## Problem to work on
In the records below, the lines between the one holding "интересующем их контенте." and the one holding "The desktop computer industry", inclusive, are to be transcribed exactly; no pictures are to be included.

## Excerpted data

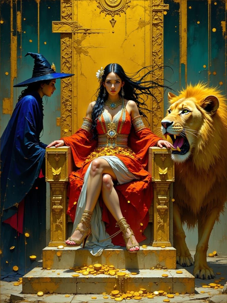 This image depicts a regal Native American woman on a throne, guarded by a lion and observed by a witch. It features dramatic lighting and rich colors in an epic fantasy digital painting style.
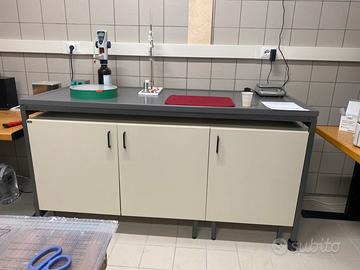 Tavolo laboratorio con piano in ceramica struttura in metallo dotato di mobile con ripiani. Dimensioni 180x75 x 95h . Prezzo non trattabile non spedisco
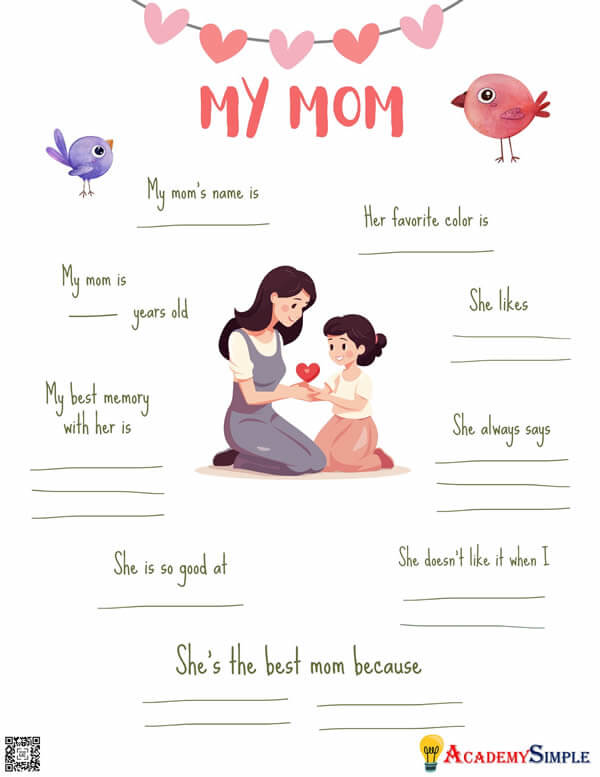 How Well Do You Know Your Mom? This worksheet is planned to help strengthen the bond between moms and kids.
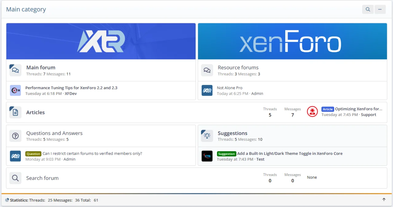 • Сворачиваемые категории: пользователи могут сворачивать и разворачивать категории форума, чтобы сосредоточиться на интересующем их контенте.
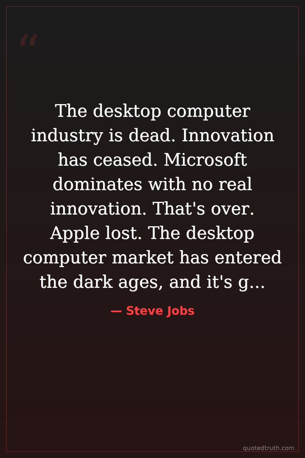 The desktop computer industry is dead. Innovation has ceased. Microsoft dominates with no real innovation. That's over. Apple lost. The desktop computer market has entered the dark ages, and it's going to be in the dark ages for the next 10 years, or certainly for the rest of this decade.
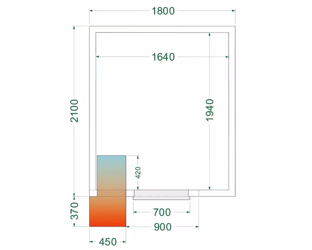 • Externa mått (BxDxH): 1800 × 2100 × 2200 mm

## Your response
 • Сворачиваемые категории: пользователи могут сворачивать и разворачивать категории форума, чтобы сосредоточиться на интересующем их контенте.
 The desktop computer industry is dead. Innovation has ceased. Microsoft dominates with no real innovation. That's over. Apple lost. The desktop computer market has entered the dark ages, and it's going to be in the dark ages for the next 10 years, or certainly for the rest of this decade.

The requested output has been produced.